Звона колоколов не услышу.
Елена обдумывает все это и одобряет. Ей, конечно, достаточно и того,
что мистер Криспаркл это одобрил, но она и сама, независимо от него,
считает, что это здравая идея и разумный план, свидетельствующий об
искреннем желании и твердом намерении Невила исправиться. Ей, правда,
немножко жаль брата, - он останется совсем один, бедняжка, когда все будут
радостно встречать праздник, но она понимает, что сейчас надо не жалеть ею,
а поддержать. И она старается это сделать.
Он будет писать ей?
Непременно. Он будет писать ей через день и рассказывать о всех своих
приключениях.
Багаж он, наверно, пошлет вперед?
- Нет, милая Елена. Буду путешествовать как палочник, с котомкой и
посохом. Моя котомка - или мой рюкзак уже уложен, остается только вздеть на
плечи. А вот мой посох!
Он протягивает ей трость, и она делает то же замечание, что и мистер
Криспаркл, - что трость очень тяжелая. И, возвращая ее Невилу, спрашивает,
из какого она дерева. Из железного дерева *, поясняет Невил.

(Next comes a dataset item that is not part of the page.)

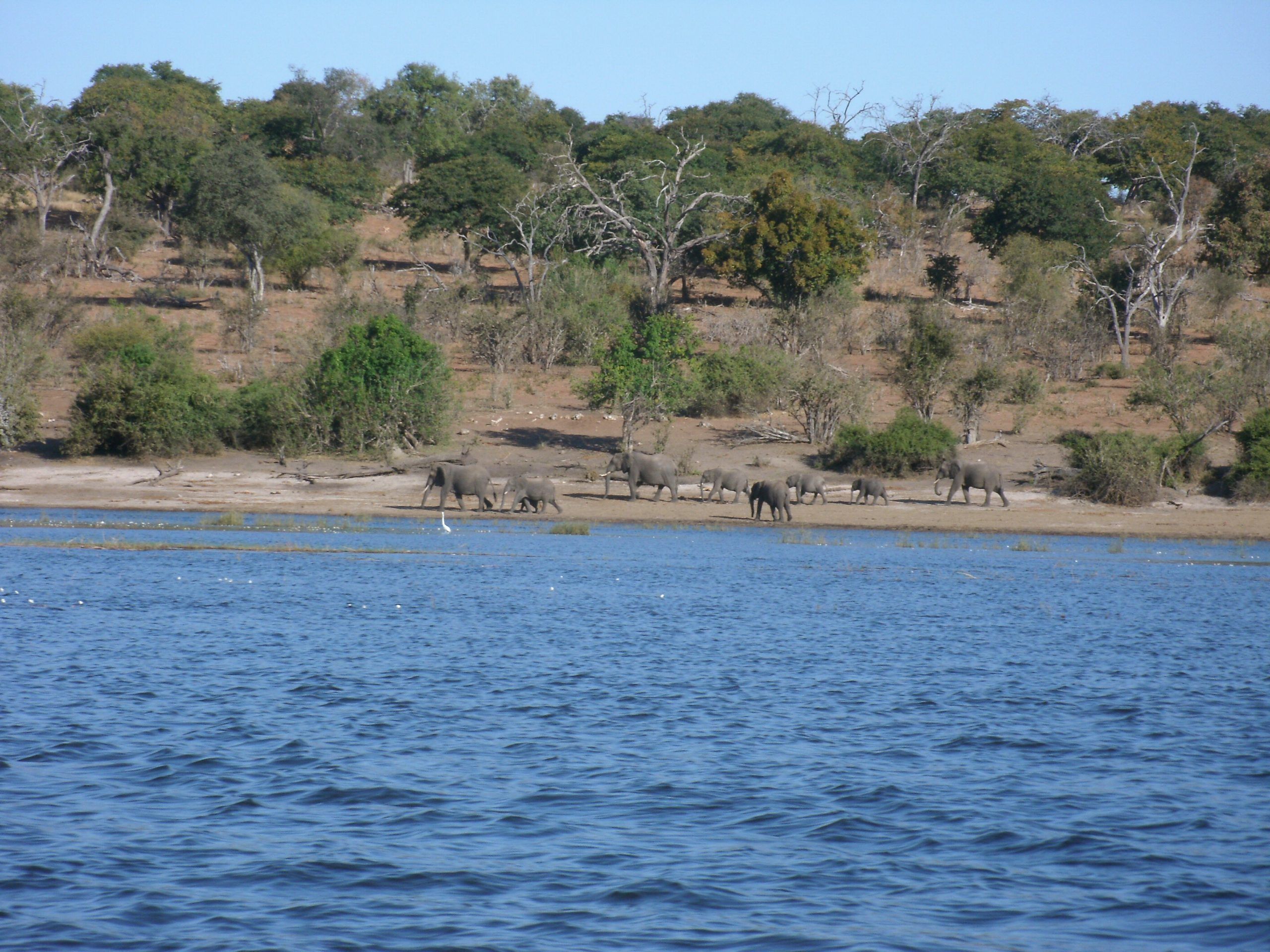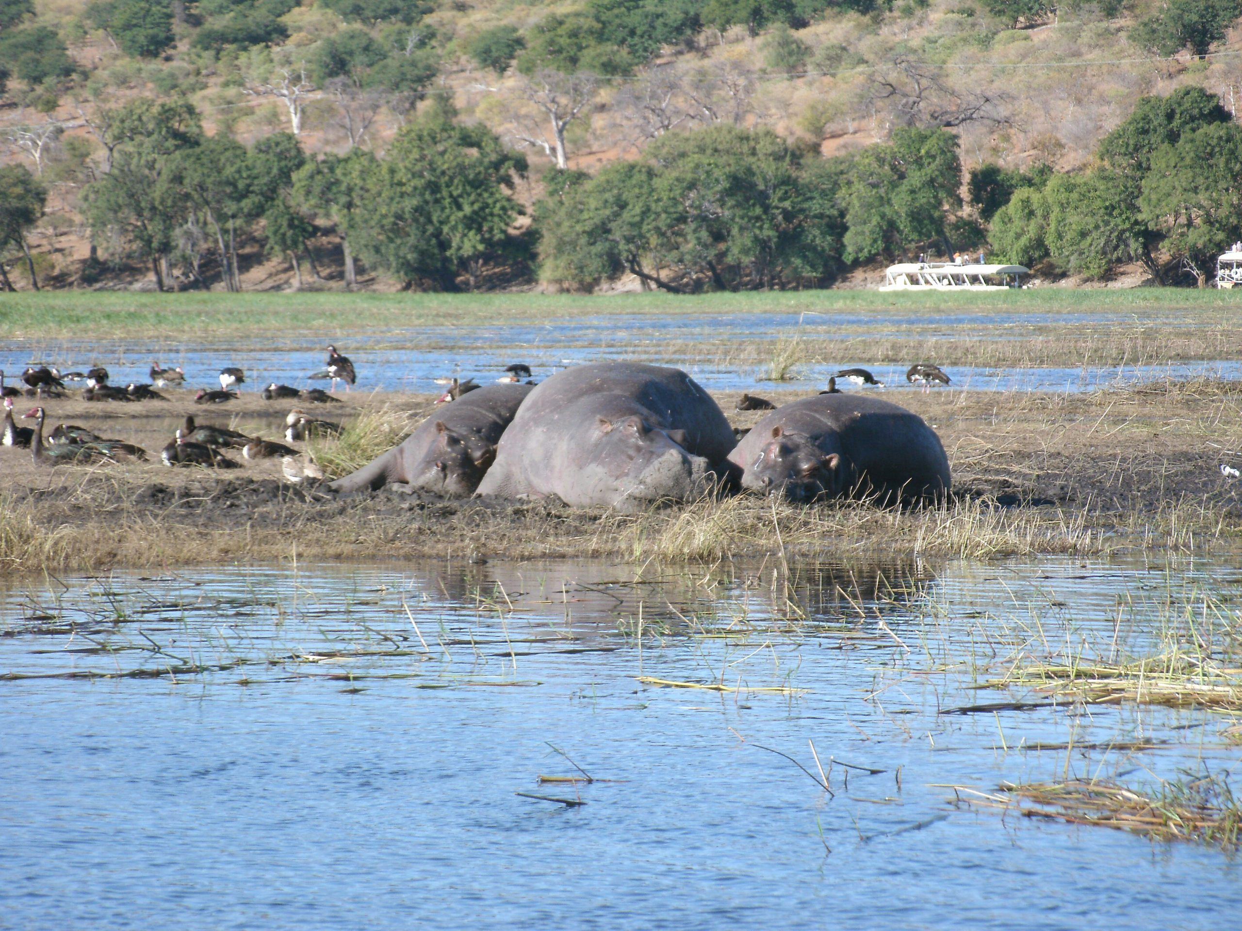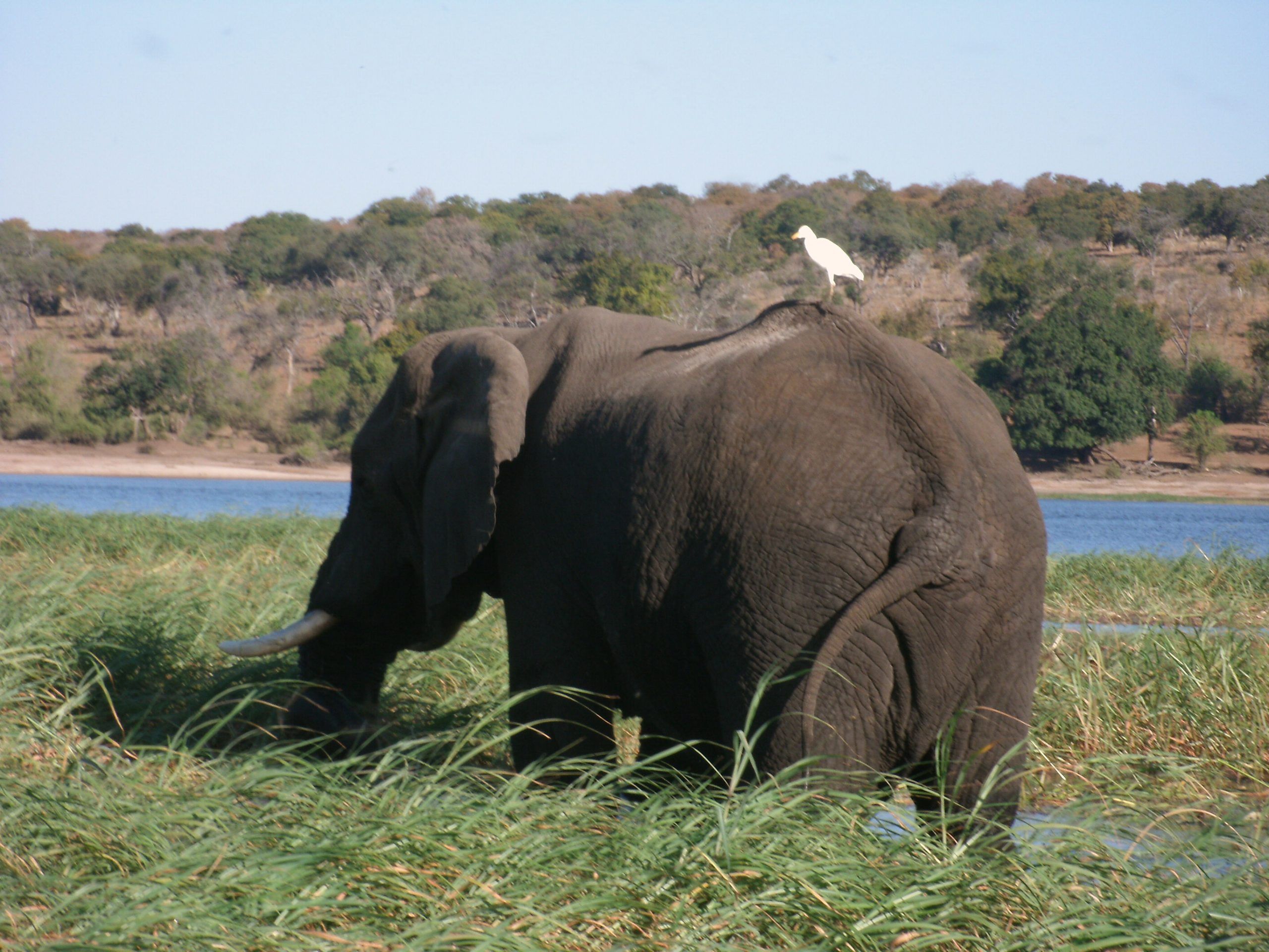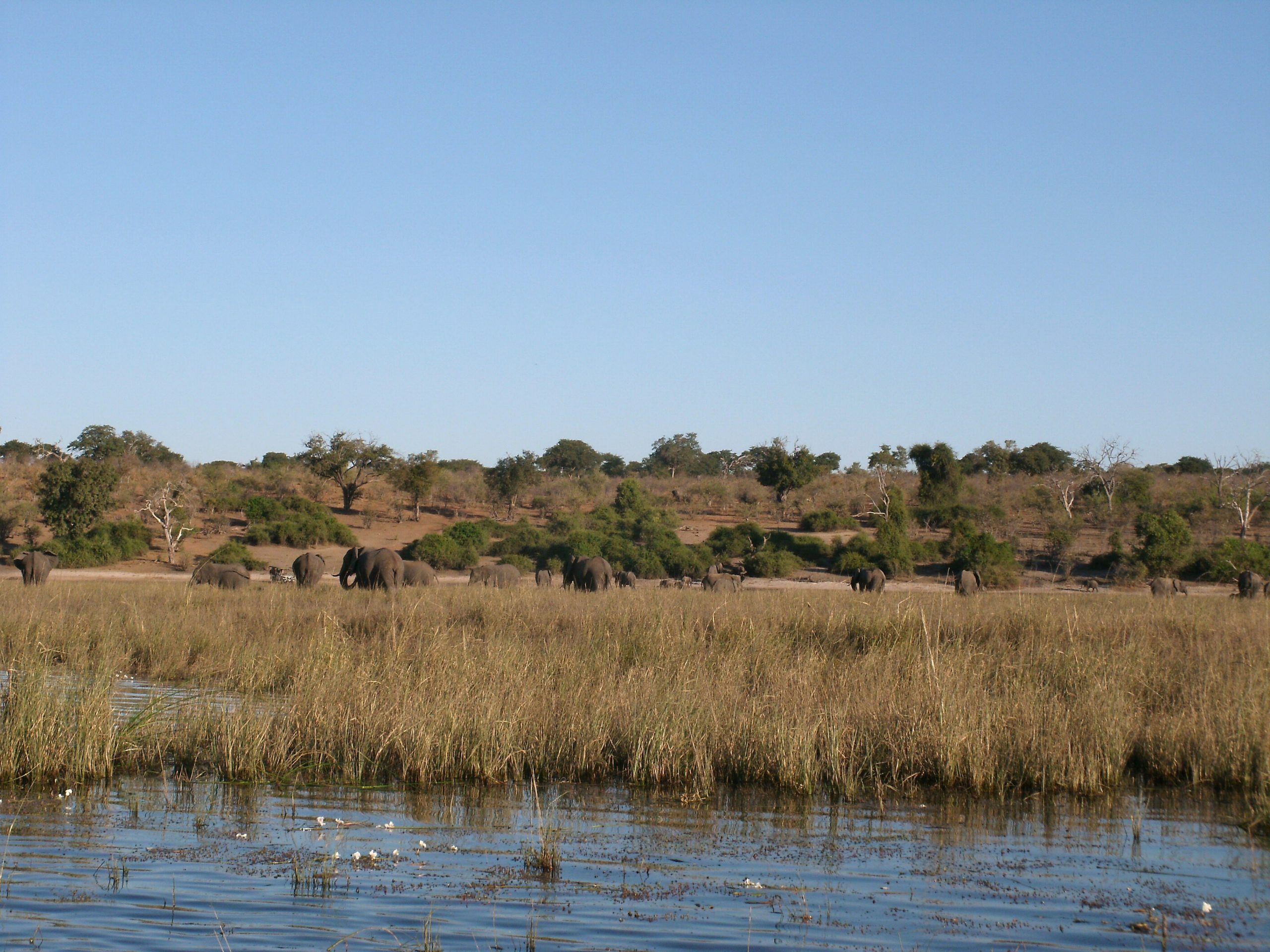 Besides elephant, northern Chobe is famous for its buffalo herds, puku, kudu, Chobe bushbuck and hippo. One could also hope to see: lion, leopard, wild dog, giraffe, waterbuck, zebra, impala, baboon, vervet monkeys, warthog, sable, roan, lechwe, banded mongoose, crocodile, leguan. Along the Chobe riverfront the terrain is that of a typical riverine ecosystem. Away from the river we have mixed miombo and broadleaved woodland that harbours rich avifauna.

До сих пор он был как-то особенно весел. Возможно, необходимость
уговорить сестру и для этого представить ей все в самом лучшем свете
поддерживала его собственное настроение. И возможно, что теперь, когда он в
этом успел, наступает перелом. По мере того как сгущаются сумерки и в городе
начинают загораться огни, он становится все более хмурым.
- Как мне не хочется идти на этот обед, Елена.

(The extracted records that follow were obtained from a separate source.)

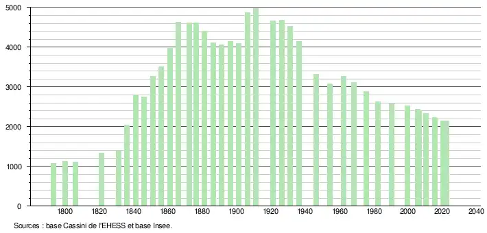 L'évolution du nombre d'habitants est connue à travers les recensements de la population effectués dans la commune depuis 1793. Pour les communes de moins de 10 000 habitants, une enquête de recensement portant sur toute la population est réalisée tous les cinq ans, les populations de référence des années intermédiaires étant quant à elles estimées par interpolation ou extrapolation[34]. Pour la commune, le premier recensement exhaustif entrant dans le cadre du nouveau dispositif a été réalisé en 2005[35].
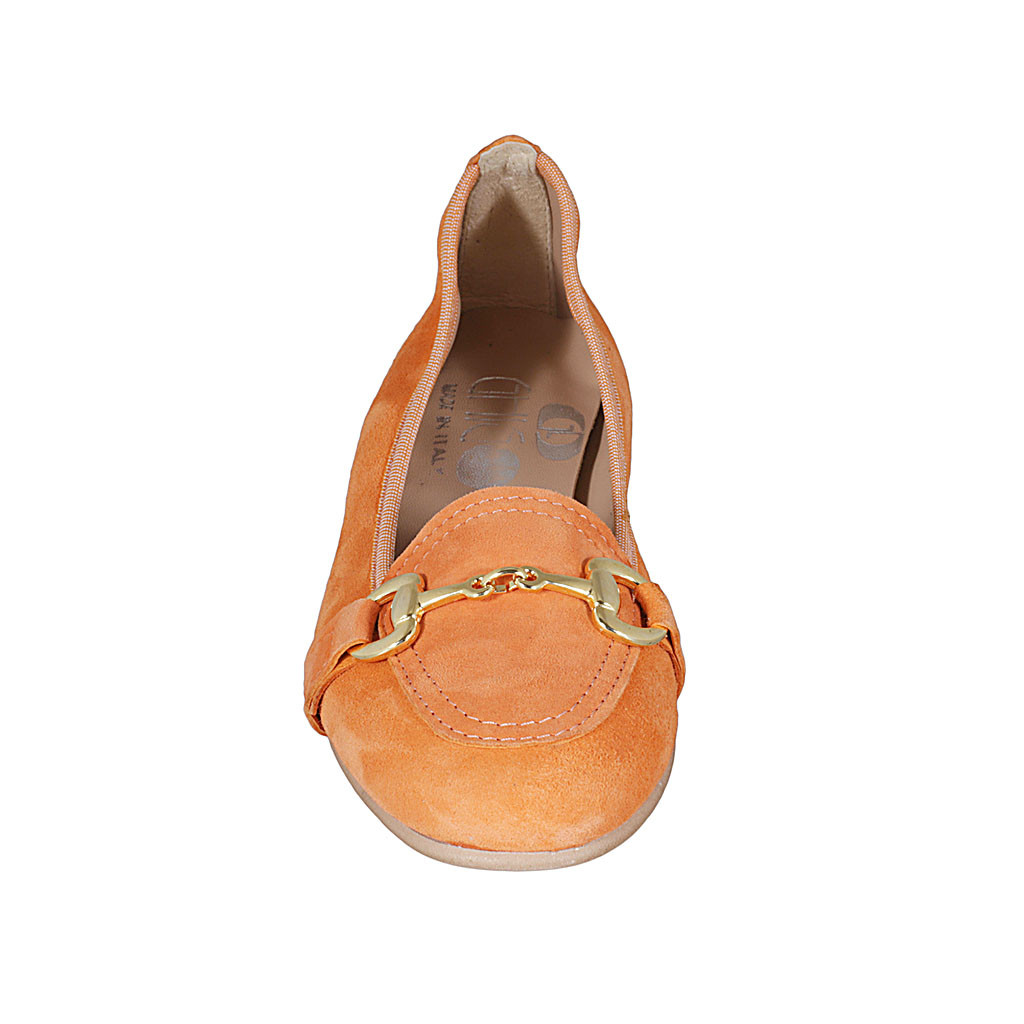 Woman's mocassin with accessory in orange suede heel 2 - Available sizes:  43
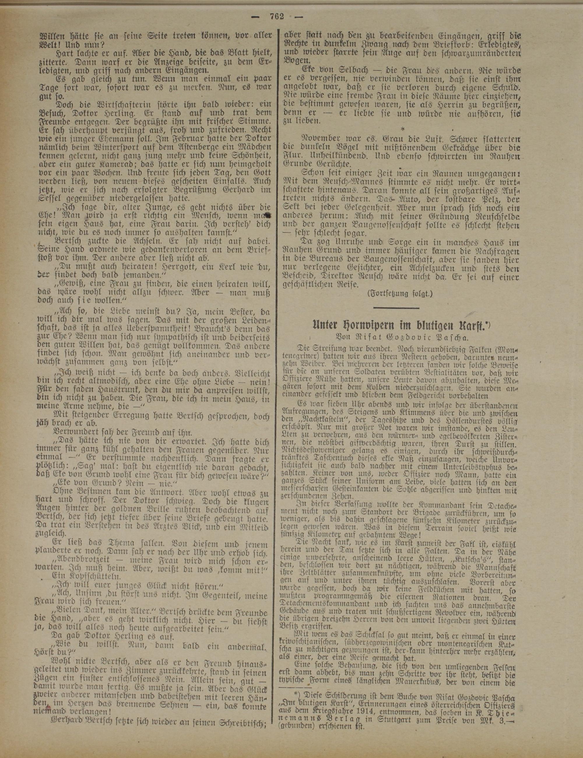 dem Buche von Risat Gozdovic Pascha blutigen Karst ^Erinnerungen eines österreichischen Offtziers ans dem KriegSiahre 1914, entnommen, das soeben in K. Thie- nemannS Verlag in Stuttgart zum Preise von Mk. 3 — (gebunden) erschienen ist.

- Милый Невил, стоит ли из-за этого беспокоиться? Подумай, ведь скоро
все это уж будет позади.
- Позади? - мрачно повторяет он. - Да. И все же мне это не нравится.
Вначале, может быть, и будет какая-то минута неловкости, успокаивает
она его, но только минута. Ведь он же уверен в себе?

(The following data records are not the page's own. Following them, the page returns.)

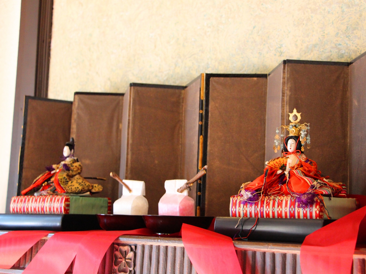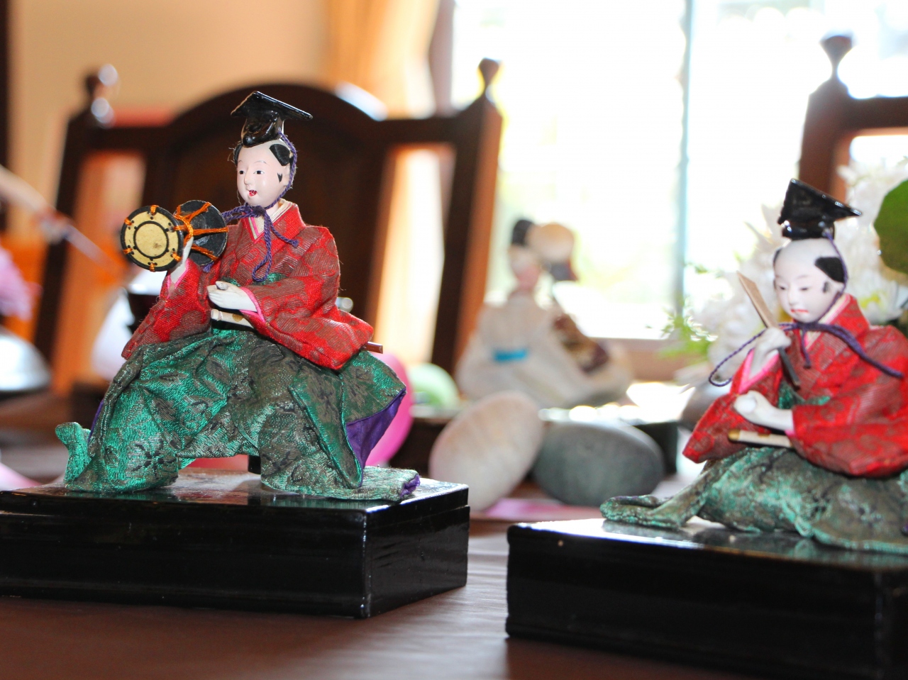 そして、リビングにはベーリック・ホールと同じ齢を重ねてきた小さなお雛さまが展示してあります。この人形たちは、ご近所に住む方から寄付された歴史あるもので、作られたのは昭和5年。古いものですが、きちんと手入れされています。
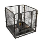 ストーブガード 50×50×50cm ドア付 4枚パネル|室内外対応フェンス柵・暖炉/薪ストーブ/ファンヒーター用|耐熱スチール角パイプ・吸盤固定・自由連結・自立式|ベビー/ペットのやけど対策 ブラック |
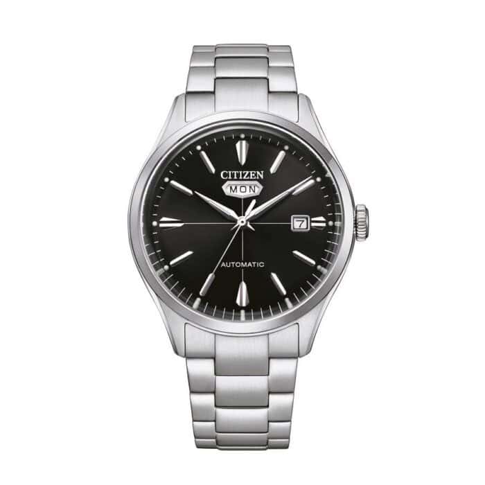 Citizen -automaattikellon kuori on valmistettu ruostumattomasta teräksestä ja se on vesisuojattu sekä testattu 5 bar paineessa. Vesitiiveysluokituksen voi tarkistaa maahantuojalta tai kellon takapohjasta. Kellossa on kovaksi karkaistu mineraalilasi. Päivyri ja iso sekuntiosoitin. Tässä mallissa on kaksoispäivyri; viikonpäivä ja päivämäärä.

- В себе-то я уверен, - отвечает он, - а вот во всем остальном - не
знаю!..
- Как странно ты говоришь, Невил! Что ты хочешь сказать?
- Елена, я и сам не знаю. Знаю только, что мне все это не нравится.
Какая странная тяжесть в воздухе!
Она указывает на медно-красные облака за рекой и говорит, что это
предвещает ветер. Он почти все время молчит, пока они не доходят до ворот
Женской Обители. Тут они прощаются. Но и простившись с братом, она долго еще
стоит у калитки и смотрит ему вслед. Он дважды проходит мимо домика над
воротами, не решаясь войти. Наконец, когда колокола на башне отбивают одну
четверть, он круто поворачивает и исчезает под аркой.
И вот первый поднимается по каменной лестнице.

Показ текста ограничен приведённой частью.